To go back to the example I brought up before somewhere, only a school would think that a teen-aged boy who liked being a slob and hated doing homework had some kind of “disorder” that required “therapy.” If that same kid has a job at Wal-Mart or Stop ‘n’ Shop, his manager will bitch at him until he looks neat enough for the customers and won’t assign homework at all–and he’ll get paid, giving him something of an incentive to keep his shirt tucked into his pants.
The psychomedicalization of childhood and adolesence requires a set of assumptions that would be perceived as lunatic outside of schools–that it is “normal” for children to be willing and able to sit still for long periods of time at small desks all facing forward; that any “healthy” child wants to be neat and clean at all times and never wants to get dirty, or enjoys it, or doesn’t care; that faced with adults who order one about and don’t seem to like him, a student’s “rational” response will be to do what they tell him and try to make them have a better opinion of him.
All of those assumptions are, quite frankly, wrong–they describe nothing true about most human beings.
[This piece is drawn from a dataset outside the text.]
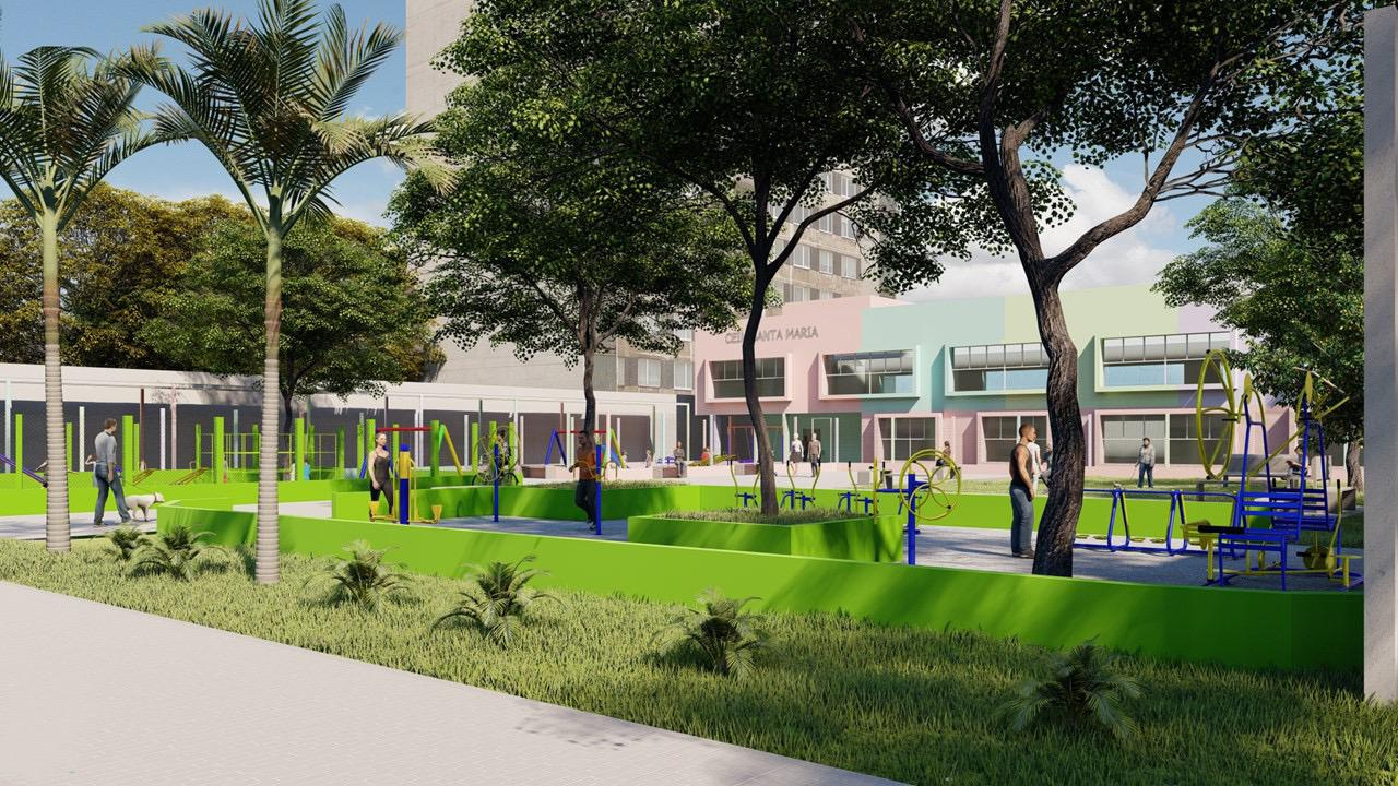 Recentemente foi lançada a ordem de serviço para o Centro Multiuso do Esplanada, com campo e 12 salas de aula para oficinas de robótica, informática e artes, no contraturno escolar.

I’m considerably older than a teen-ager, but I know how I respond when people try to order me around–if they’re paying me, I may just put up with it, but even then, I push back. And I can push really hard.
Any look at any website purporting to describe the “mental health issues” of children and teenagers will throw up a stunning array of behavior deemed symptomatic of psychiatric distress that the rest of us would call normal–because it is normal.
“Oppositional defiant disorder” is only a “disorder” if you think it is somehow abnormal for teenagers to rebel against life in general and to resist authority. I suspect that it exists for one reason only–because the courts have shown little patience with juvenile authorities whose basic attitude is, “it’s a child, so I get to lock it up for any reason I want to.”
Psychology enjoys enormous prestige as “science,” and it has been used successfully to circumvent due process and basic rights protections for children and teenagers. The SCOTUS put a stop to jailing teen-aged girls for getting pregnant somewhere in the early Seventies, I think, so now we have ODD to “diagnose” them with and then it’s okay to jail them on that, since we’re only trying to help.
When I say it’s time to ditch the centrality of schools, I mean it’s time to go back to seeing schools for what they are–UNusual environments, whose norms cannot provide a basis for judging behavior in the real world.
And the first thing we need to do to do that is to reduce the power schools have gained over the lives of those children and teen-agers. At the very least, there should be due process protections for children, teenagers and parents who resist the use of psychotropic drugs, and we should end the practice of allowing such resistance to be “evidence” of the childs disorder or the parents’ incompetence.
The next thing we need to do is to provide alternatives–if the reason for having schools at all is to make sure children learn a certain set of things at a certain level, then it’s not clear that schools are doing all that good a job to begin with.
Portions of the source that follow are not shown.